Content starts

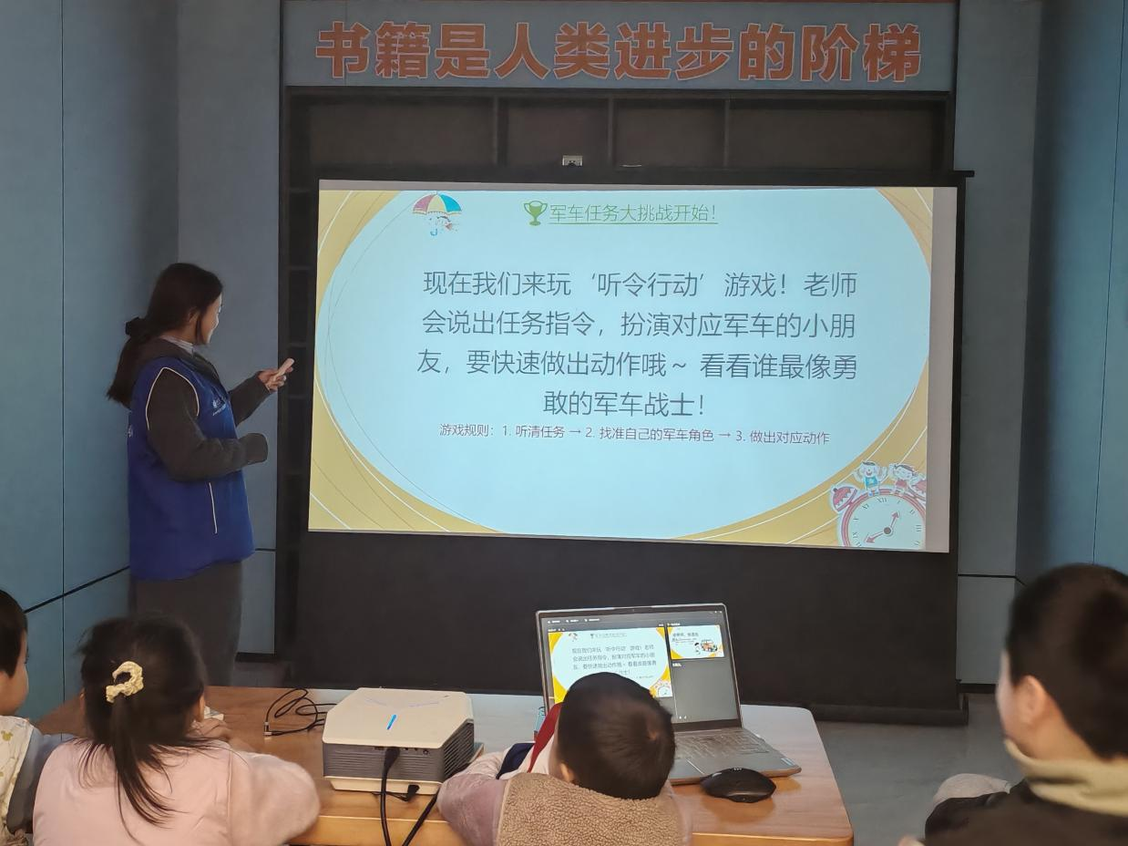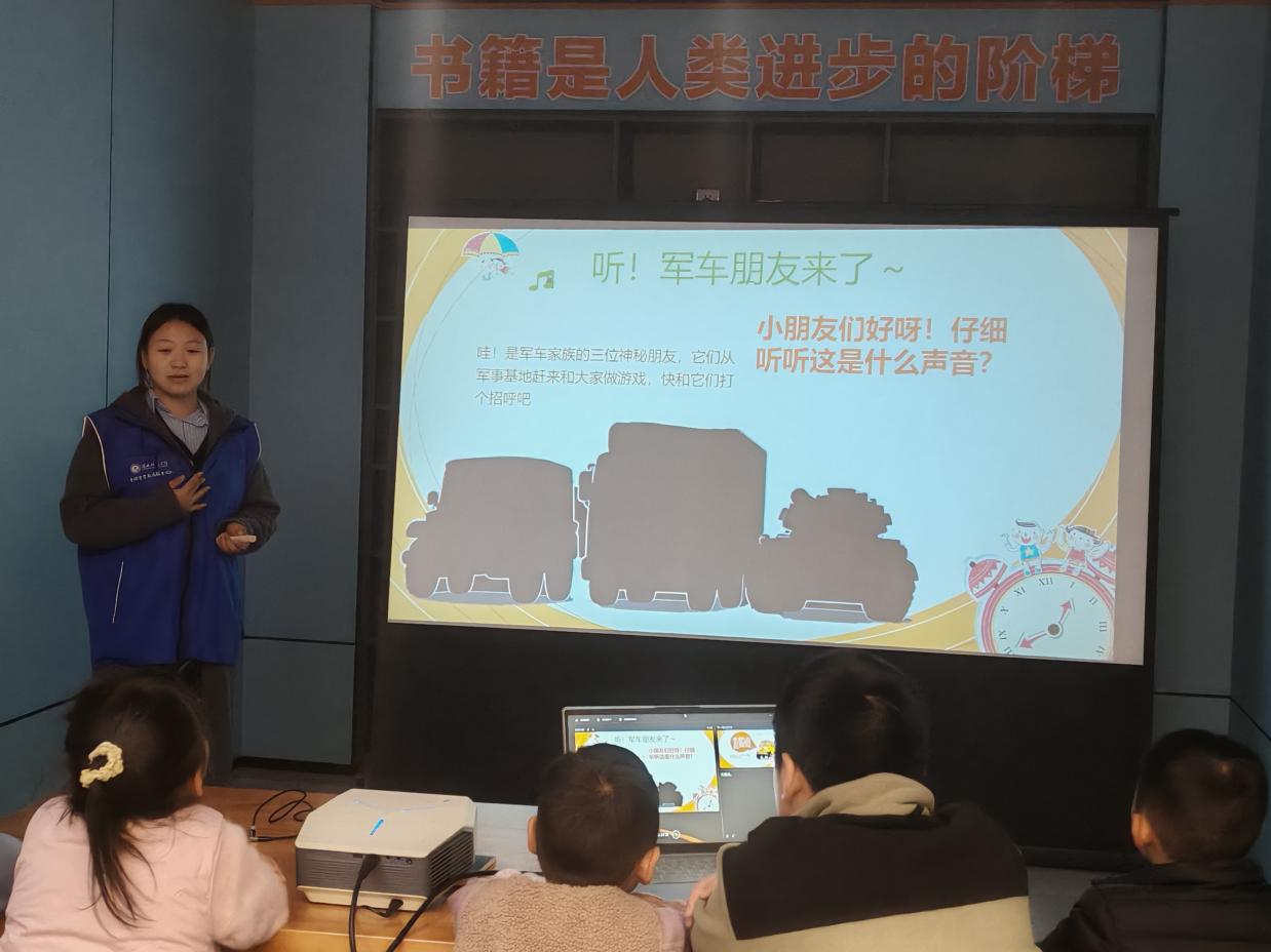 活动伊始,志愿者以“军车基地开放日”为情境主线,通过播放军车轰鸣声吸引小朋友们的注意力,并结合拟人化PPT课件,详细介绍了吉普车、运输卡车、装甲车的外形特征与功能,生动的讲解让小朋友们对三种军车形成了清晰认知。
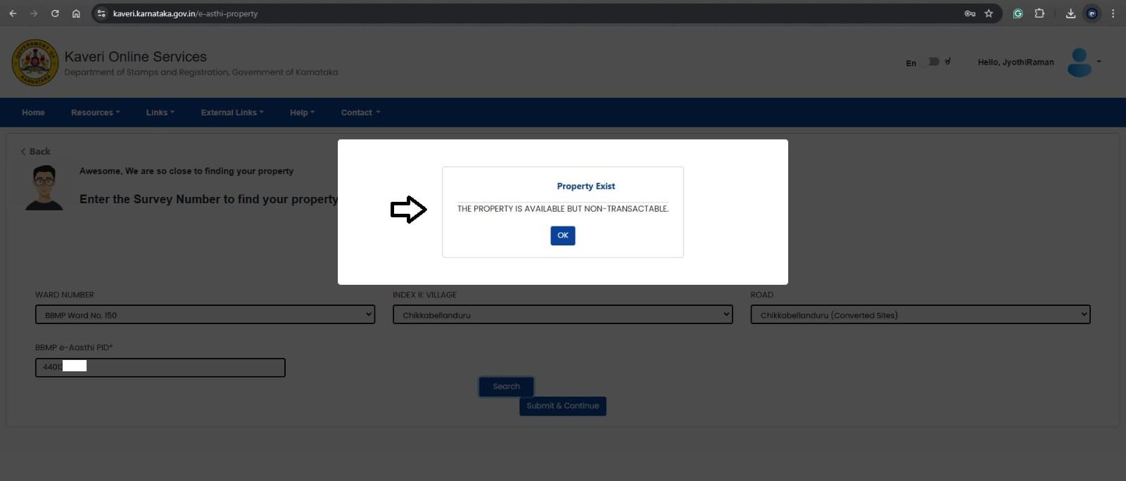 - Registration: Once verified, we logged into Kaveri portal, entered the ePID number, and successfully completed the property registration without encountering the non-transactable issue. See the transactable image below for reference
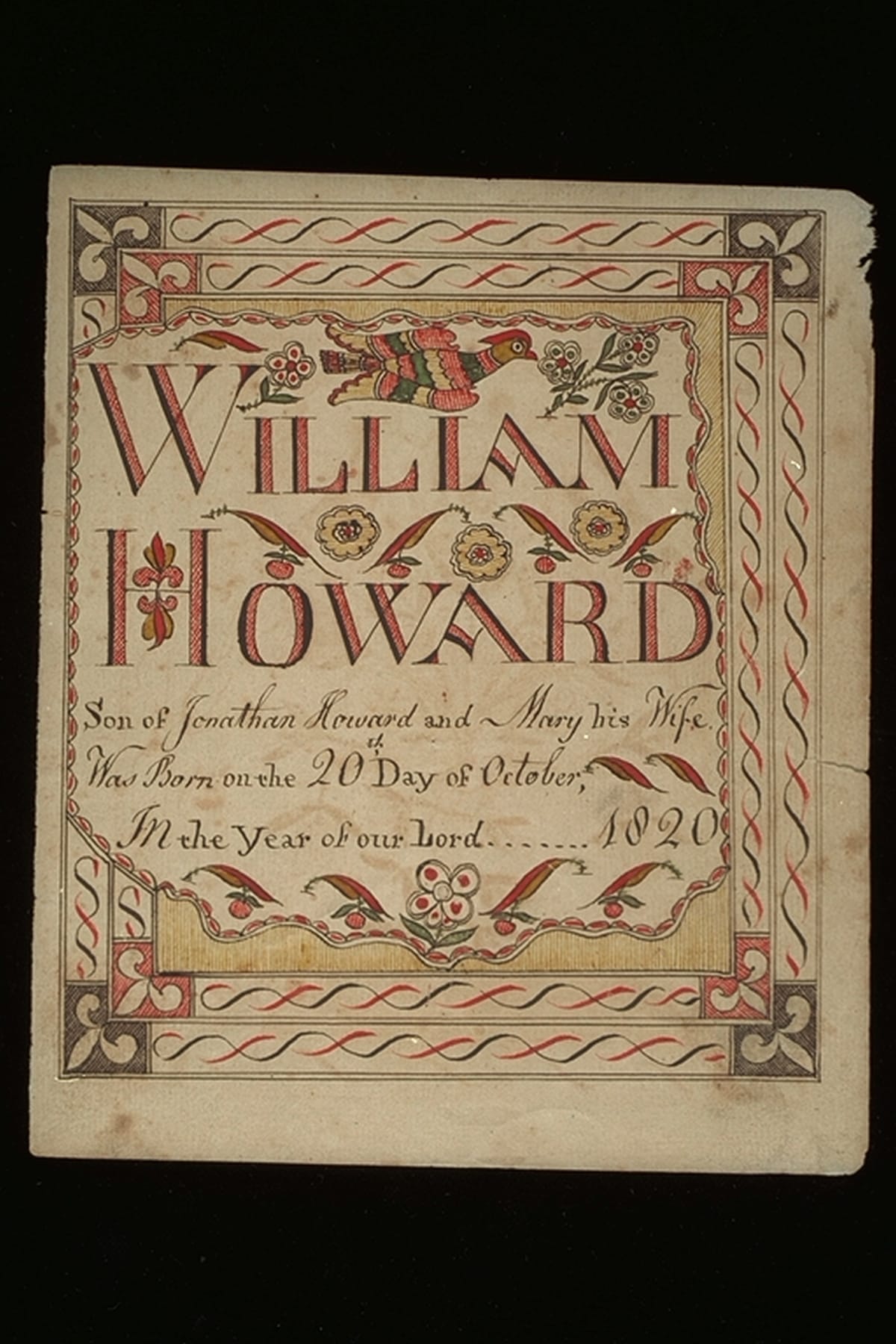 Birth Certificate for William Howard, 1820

Content ends

» **ASSIGNMENT**
Repeat the data word for word, excluding any image.

» **TASK OUTPUT**
 活动伊始,志愿者以“军车基地开放日”为情境主线,通过播放军车轰鸣声吸引小朋友们的注意力,并结合拟人化PPT课件,详细介绍了吉普车、运输卡车、装甲车的外形特征与功能,生动的讲解让小朋友们对三种军车形成了清晰认知。
 - Registration: Once verified, we logged into Kaveri portal, entered the ePID number, and successfully completed the property registration without encountering the non-transactable issue. See the transactable image below for reference
 Birth Certificate for William Howard, 1820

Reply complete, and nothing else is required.